[WORK TASK] Only one stretch of the data is wanted: the line containing "Colorido. Como é", the line containing "2024秋上册六年级数学人教版 第一单元 分数乘法——8. 分数乘法的应用(1)", and every line between them, copied exactly.

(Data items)
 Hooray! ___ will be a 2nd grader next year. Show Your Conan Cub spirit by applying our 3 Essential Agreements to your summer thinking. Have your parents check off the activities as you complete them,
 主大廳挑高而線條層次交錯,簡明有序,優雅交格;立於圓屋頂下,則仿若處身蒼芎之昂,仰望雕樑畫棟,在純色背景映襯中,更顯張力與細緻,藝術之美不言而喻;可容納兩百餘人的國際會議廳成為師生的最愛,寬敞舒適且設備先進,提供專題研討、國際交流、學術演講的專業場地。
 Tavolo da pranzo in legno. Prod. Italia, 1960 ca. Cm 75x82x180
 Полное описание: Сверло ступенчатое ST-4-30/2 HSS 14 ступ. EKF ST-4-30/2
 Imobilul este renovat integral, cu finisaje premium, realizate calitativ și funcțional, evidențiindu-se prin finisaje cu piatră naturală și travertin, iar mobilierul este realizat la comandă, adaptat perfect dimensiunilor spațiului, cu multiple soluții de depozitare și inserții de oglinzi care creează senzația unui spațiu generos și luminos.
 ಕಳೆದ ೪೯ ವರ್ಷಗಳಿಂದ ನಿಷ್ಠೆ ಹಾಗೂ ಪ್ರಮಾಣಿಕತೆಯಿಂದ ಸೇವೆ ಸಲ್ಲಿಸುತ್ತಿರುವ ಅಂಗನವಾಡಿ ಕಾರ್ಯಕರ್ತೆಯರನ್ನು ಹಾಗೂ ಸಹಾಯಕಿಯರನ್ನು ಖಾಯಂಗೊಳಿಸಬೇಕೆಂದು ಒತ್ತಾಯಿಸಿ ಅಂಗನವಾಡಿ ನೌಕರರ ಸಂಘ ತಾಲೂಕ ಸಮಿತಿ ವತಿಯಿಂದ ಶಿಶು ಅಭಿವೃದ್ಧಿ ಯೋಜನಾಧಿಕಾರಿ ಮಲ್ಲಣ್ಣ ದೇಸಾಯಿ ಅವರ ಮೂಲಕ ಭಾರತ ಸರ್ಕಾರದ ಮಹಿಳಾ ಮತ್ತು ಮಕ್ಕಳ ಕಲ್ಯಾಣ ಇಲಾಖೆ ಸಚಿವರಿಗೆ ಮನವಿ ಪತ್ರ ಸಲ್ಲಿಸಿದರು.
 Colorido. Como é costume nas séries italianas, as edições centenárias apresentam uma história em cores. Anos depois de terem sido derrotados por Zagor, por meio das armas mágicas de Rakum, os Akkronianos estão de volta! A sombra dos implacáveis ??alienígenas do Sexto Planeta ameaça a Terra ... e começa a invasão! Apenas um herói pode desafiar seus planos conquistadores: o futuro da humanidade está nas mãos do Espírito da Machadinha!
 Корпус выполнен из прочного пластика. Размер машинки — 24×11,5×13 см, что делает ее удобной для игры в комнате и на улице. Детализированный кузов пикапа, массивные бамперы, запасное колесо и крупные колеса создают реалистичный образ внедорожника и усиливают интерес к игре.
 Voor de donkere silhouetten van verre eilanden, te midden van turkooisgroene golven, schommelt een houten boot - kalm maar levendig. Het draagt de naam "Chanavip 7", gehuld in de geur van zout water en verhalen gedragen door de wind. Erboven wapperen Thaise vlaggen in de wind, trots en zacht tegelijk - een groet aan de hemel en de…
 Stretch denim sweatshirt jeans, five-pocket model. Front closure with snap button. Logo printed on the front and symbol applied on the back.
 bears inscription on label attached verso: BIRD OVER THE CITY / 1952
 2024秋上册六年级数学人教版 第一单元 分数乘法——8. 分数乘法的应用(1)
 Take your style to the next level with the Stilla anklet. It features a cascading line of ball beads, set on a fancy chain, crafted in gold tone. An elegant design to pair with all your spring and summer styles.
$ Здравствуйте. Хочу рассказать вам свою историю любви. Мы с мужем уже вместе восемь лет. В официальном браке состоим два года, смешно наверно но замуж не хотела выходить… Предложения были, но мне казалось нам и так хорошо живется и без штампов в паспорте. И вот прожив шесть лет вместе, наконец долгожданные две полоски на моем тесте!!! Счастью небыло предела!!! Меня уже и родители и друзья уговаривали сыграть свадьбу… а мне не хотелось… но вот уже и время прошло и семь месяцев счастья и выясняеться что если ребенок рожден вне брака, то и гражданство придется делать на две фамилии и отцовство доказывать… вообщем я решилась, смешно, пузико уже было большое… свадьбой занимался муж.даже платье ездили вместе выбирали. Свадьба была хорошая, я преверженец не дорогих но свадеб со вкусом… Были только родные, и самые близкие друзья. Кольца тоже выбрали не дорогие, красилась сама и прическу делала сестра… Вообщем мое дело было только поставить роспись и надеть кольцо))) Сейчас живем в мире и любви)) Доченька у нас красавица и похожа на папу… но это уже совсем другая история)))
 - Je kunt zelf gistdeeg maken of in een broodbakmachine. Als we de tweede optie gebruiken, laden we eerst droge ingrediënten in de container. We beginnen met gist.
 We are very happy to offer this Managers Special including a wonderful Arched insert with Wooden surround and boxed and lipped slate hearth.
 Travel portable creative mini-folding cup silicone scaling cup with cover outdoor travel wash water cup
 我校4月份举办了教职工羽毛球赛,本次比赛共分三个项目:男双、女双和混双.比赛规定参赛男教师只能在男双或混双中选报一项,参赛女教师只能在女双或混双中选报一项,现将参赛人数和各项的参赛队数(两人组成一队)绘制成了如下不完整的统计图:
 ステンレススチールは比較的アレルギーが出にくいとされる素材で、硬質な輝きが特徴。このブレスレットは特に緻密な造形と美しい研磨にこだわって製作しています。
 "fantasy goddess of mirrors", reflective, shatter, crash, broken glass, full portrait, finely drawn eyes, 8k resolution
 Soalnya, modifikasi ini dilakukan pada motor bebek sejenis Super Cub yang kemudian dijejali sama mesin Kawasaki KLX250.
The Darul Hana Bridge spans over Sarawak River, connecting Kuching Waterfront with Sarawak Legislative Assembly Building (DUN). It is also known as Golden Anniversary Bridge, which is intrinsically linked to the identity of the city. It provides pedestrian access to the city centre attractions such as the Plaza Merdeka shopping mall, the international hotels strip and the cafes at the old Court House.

[TASK OUTPUT]
 Colorido. Como é costume nas séries italianas, as edições centenárias apresentam uma história em cores. Anos depois de terem sido derrotados por Zagor, por meio das armas mágicas de Rakum, os Akkronianos estão de volta! A sombra dos implacáveis ??alienígenas do Sexto Planeta ameaça a Terra ... e começa a invasão! Apenas um herói pode desafiar seus planos conquistadores: o futuro da humanidade está nas mãos do Espírito da Machadinha!
 Корпус выполнен из прочного пластика. Размер машинки — 24×11,5×13 см, что делает ее удобной для игры в комнате и на улице. Детализированный кузов пикапа, массивные бамперы, запасное колесо и крупные колеса создают реалистичный образ внедорожника и усиливают интерес к игре.
 Voor de donkere silhouetten van verre eilanden, te midden van turkooisgroene golven, schommelt een houten boot - kalm maar levendig. Het draagt de naam "Chanavip 7", gehuld in de geur van zout water en verhalen gedragen door de wind. Erboven wapperen Thaise vlaggen in de wind, trots en zacht tegelijk - een groet aan de hemel en de…
 Stretch denim sweatshirt jeans, five-pocket model. Front closure with snap button. Logo printed on the front and symbol applied on the back.
 bears inscription on label attached verso: BIRD OVER THE CITY / 1952
 2024秋上册六年级数学人教版 第一单元 分数乘法——8. 分数乘法的应用(1)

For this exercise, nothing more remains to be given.